Thanks...............blocky


----------



## vagrantprodigy (Aug 13, 2010)

When I was a kid my grandpa lived on a canal in Hialeah, and we used to fish for Oscars all the time. He used a concoction of bread, cotton, and milk mixed up and heated, then molded into balls. They bit on it great, but I think regular bread balls would probably work as well. As for where specifically to go, I can't say, but I think they are fairly widespread.


----------



## sportsman94 (Aug 13, 2010)

Dont know where to go to catch them but when i was younger my dad and me would catch them on bread balls, marshmellows, raisins, even just the bare hook


----------



## ambush80 (Aug 13, 2010)

Are they good to eat?  From the pet store they would be about $25/pound.


----------



## vagrantprodigy (Aug 13, 2010)

ambush80 said:


> Are they good to eat?  From the pet store they would be about $25/pound.



If I knew someone who would pay me $25 per pound, I'd be down there catching a mess right now. From what I can remember they are super easy to catch.


----------



## earl (Aug 14, 2010)

You can use a cast net on them . They are an invasive species . When I lived in S Fla. we used them for bait .


----------



## Bentrod (Aug 14, 2010)

This brings up the Peacock bass in those Florida canals. Has anyone info about this?


----------



## blocky (Aug 14, 2010)

*Oscars*

Got a pm from a member that told me I75(alligator alley) in south florida went through great fishing for them. I am thinking there must be some places a little father north so I won't spend all day driving to them.
Anybody got some info on this?

Thanks.............blocky


----------



## Lake_and_stream (Aug 14, 2010)

any of the canals on old cuttler road. look up black point marina, there is a 5 mile long canal that runs along the road and it is full of em, Also as you get closer to the marina there is a set of locks that is at the salt water. good snook,small tarpon and lots of bait in that area.the entire rim canal of the  land fill aka Mt. Trashmore has peacocks and oscars in it...it is next to the marina.
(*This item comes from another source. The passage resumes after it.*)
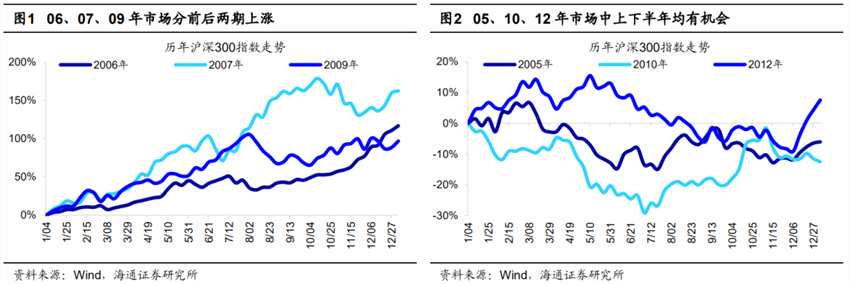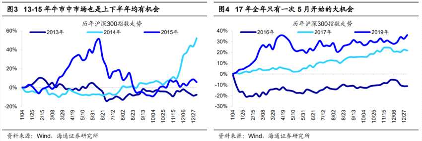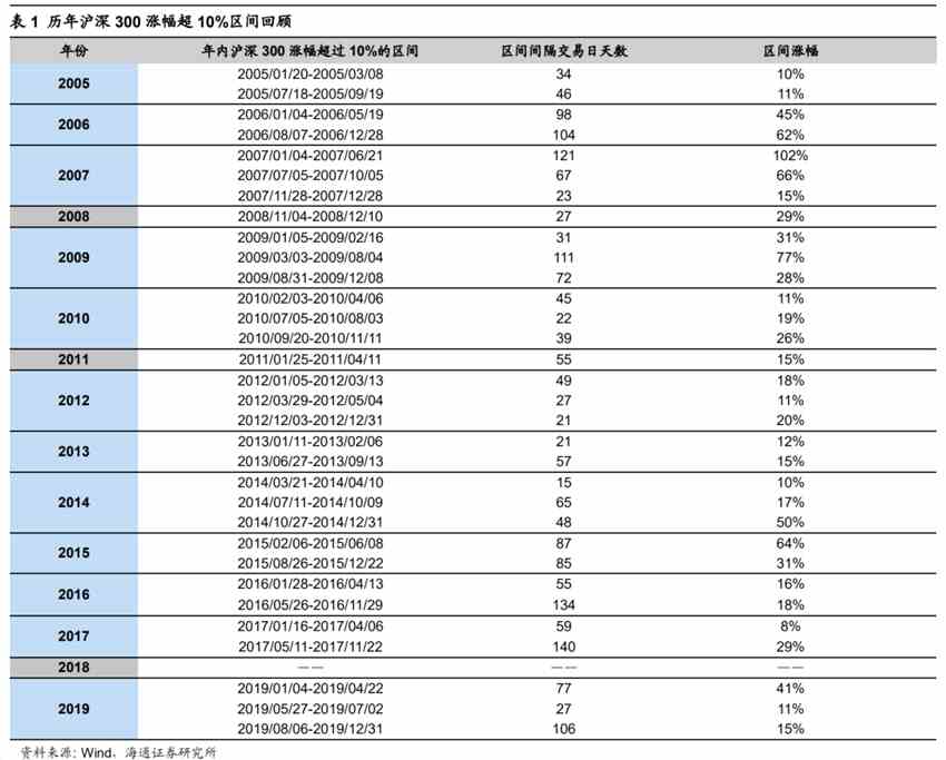 回顧歷史,一年通常兩波10%及以上的上漲行情。9月份以來市場成交逐漸低迷,考慮到海外疫情再度升溫,11月美國大選,年初至今A股已經(jīng)累積一定漲幅等因素,投資者觀望氛圍濃厚,而我們對四季度相對樂觀一些。從歷史經(jīng)驗來看,過去絕大多數(shù)年份中市場通常有兩波較大的行情。以滬深300為例,我們統(tǒng)計了2005-2019年每一年中指數(shù)最大漲幅超過10%,區(qū)間交易日超過20天的次數(shù),發(fā)現(xiàn)過去15年中,除了2008、2011、2018這三年單邊熊市,其他年份幾乎每年滬深300都有兩到三次20天以上+10%以上的漲幅,而且這兩到三次機(jī)會一般都是上下半年都有一兩次機(jī)會。如2019年有三次大的行情,分別分布在上半年,年中和下半年:上半年的機(jī)會在1-4月,期間滬深300指數(shù)區(qū)間最大漲幅超過40%,天數(shù)超過80個交易日;年中的機(jī)會在5-7月,指數(shù)最大漲幅約為10%,持續(xù)約30天;下半年的機(jī)會從8月初開始,至年底指數(shù)最大漲幅約為15%,持續(xù)超過100天。唯一的例外是2017年:這一年其實從時間上看有兩次行情,一次是年初到4月的躁動行情,另一次是5-11月的藍(lán)籌行情,只是17年躁動行情指數(shù)最大漲幅只有8%,幅度略小。相比之下,熊市雖然也會有反彈,但是從統(tǒng)計角度看符合“20天以上+10%以上”的漲幅標(biāo)準(zhǔn)的一年頂多就一次。如08年在全年下跌后,四萬億出臺帶來了年底的行情,11年初春季躁動后全年持續(xù)走低,18年則全年都沒有明顯的機(jī)會。因此歷史經(jīng)驗告訴我們,正常情況下一年通常有兩波較大的行情可以參與。視角再放回當(dāng)下,今年滬深300指數(shù)最大的行情在3-7月,期間指數(shù)最大漲幅接近40%。由于今年的行情肯定不屬于單邊下降的熊市,因此根據(jù)歷史上一年2次大行情的規(guī)律,今年滬深300指數(shù)還有望出現(xiàn)第二次行情,Q4仍行情仍可期。

good little tiki bar at the marina.

if you want spacifics stop at the bait shop on franjo blvd and old cutler next to the Mc Donalds.   I grew up down there and was fishing that when i was 10 yrs old.

good luck and take pics.


----------



## Bentrod (Aug 14, 2010)

Now that dog will hunt. Thanks


----------



## blocky (Aug 15, 2010)

Thanks for the info. We are going to plan a trip for april or may and give it a shot. Will post pics if we do any good.


----------



## warronl (Aug 15, 2010)

I fished for  them in the canals between Naples and Miami. I fished the same  way I would for bluegills, and I caught as many as I could stand. GREAT fighters!


----------



## Etter2 (Aug 15, 2010)

Can I ask why you are so interested in fishing for them?  Just wondering.


----------



## vagrantprodigy (Aug 15, 2010)

Etter2 said:


> Can I ask why you are so interested in fishing for them?  Just wondering.



Good question. Don't get me wrong, they are fun, but if I was taking a trip to go fishing, oscars wouldn't be my first choice.


----------



## blocky (Aug 18, 2010)

*Why fish for them?*

I heard they are spunky fighters and it is a new adventure for me. Get to try something new and have a few fish frys for my friends too!


----------



## kingofthehill (Aug 18, 2010)

blocky said:


> I heard they are spunky fighters and it is a new adventure for me. Get to try something new and have a few fish frys for my friends too!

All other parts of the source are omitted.